◆ **THE PROBLEM**:
An exact copy of all the lines below is required, with every image left out.

◆ **INPUT DATA**:
---

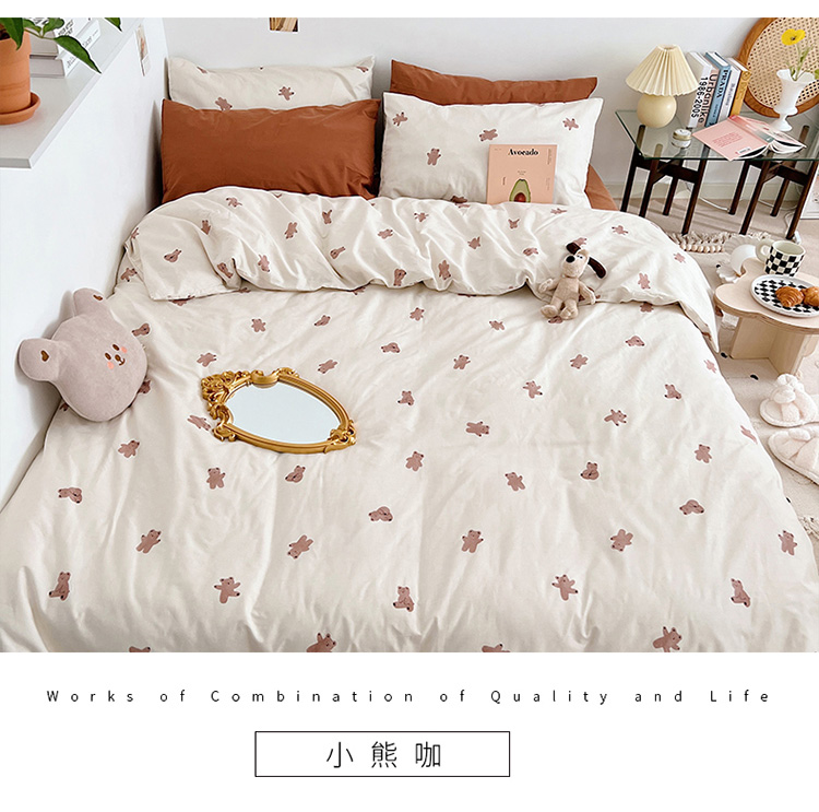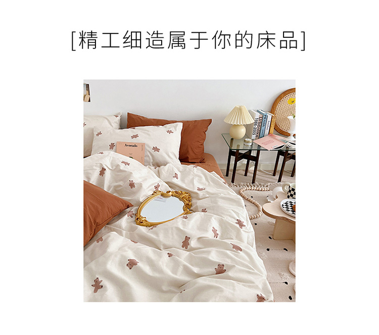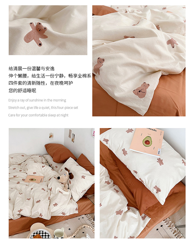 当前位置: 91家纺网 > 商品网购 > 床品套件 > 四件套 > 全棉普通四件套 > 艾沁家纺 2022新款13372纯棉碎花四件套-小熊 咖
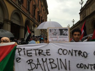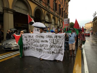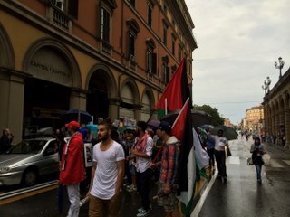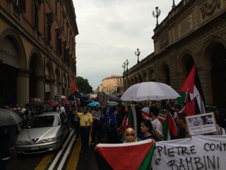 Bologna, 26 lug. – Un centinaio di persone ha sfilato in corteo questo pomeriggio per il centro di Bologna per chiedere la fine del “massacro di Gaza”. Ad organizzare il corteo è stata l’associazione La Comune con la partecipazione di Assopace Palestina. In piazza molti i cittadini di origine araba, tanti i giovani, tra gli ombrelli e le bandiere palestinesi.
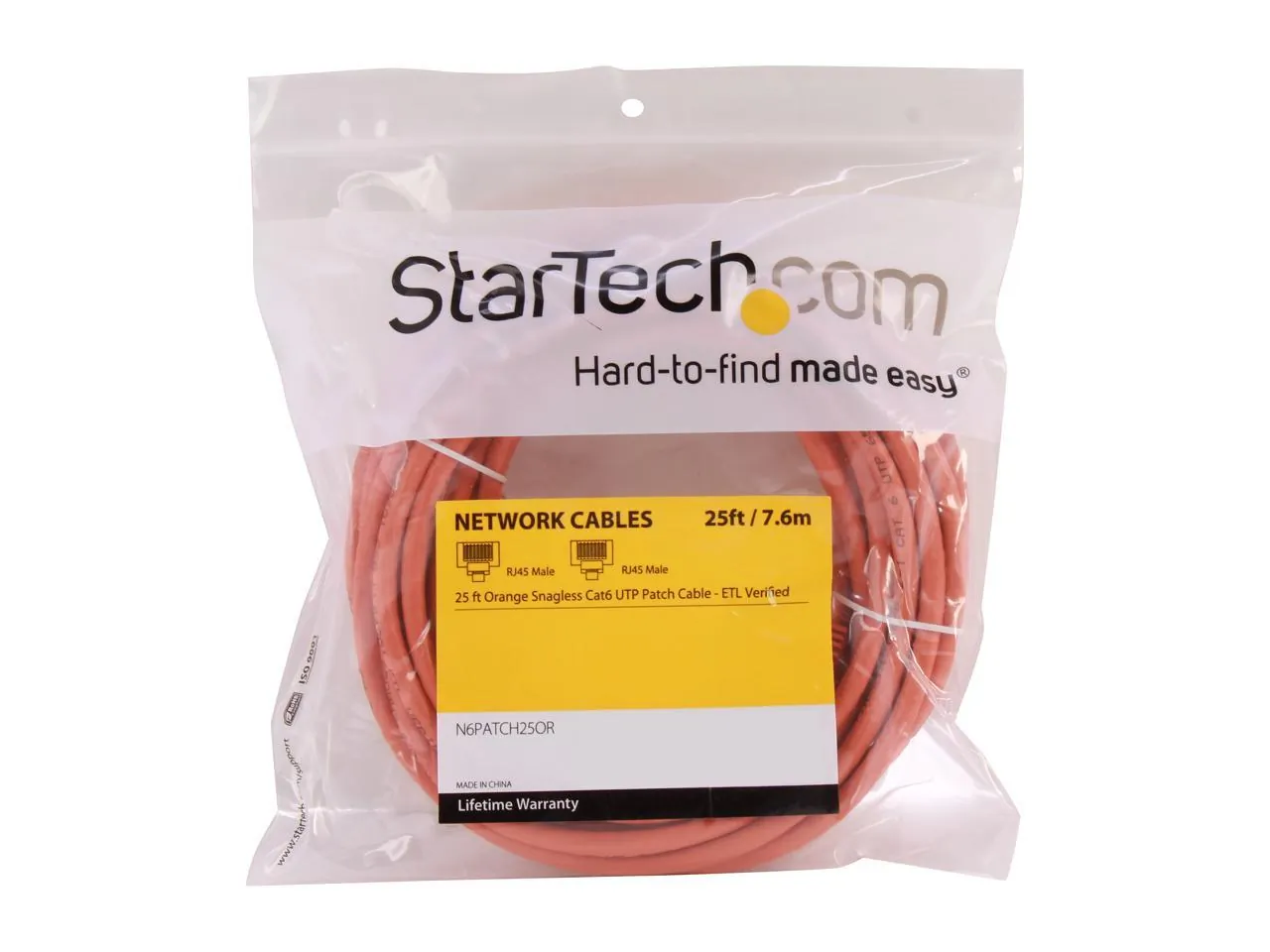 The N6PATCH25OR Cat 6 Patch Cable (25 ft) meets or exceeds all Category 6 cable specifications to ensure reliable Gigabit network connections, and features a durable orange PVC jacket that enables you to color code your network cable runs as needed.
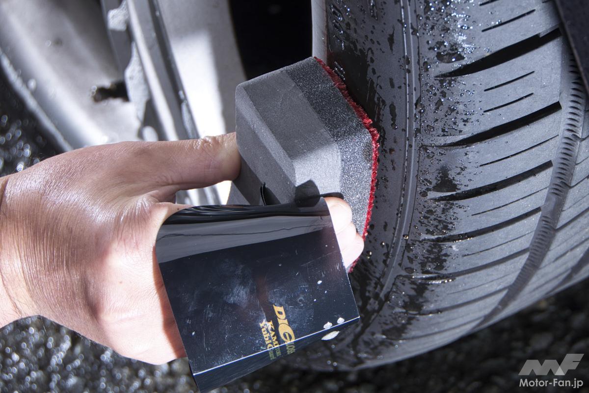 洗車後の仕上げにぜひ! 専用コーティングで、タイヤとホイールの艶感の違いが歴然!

---

◆ **ANSWER BELOW**:
 当前位置: 91家纺网 > 商品网购 > 床品套件 > 四件套 > 全棉普通四件套 > 艾沁家纺 2022新款13372纯棉碎花四件套-小熊 咖
 Bologna, 26 lug. – Un centinaio di persone ha sfilato in corteo questo pomeriggio per il centro di Bologna per chiedere la fine del “massacro di Gaza”. Ad organizzare il corteo è stata l’associazione La Comune con la partecipazione di Assopace Palestina. In piazza molti i cittadini di origine araba, tanti i giovani, tra gli ombrelli e le bandiere palestinesi.
 The N6PATCH25OR Cat 6 Patch Cable (25 ft) meets or exceeds all Category 6 cable specifications to ensure reliable Gigabit network connections, and features a durable orange PVC jacket that enables you to color code your network cable runs as needed.
 洗車後の仕上げにぜひ! 専用コーティングで、タイヤとホイールの艶感の違いが歴然!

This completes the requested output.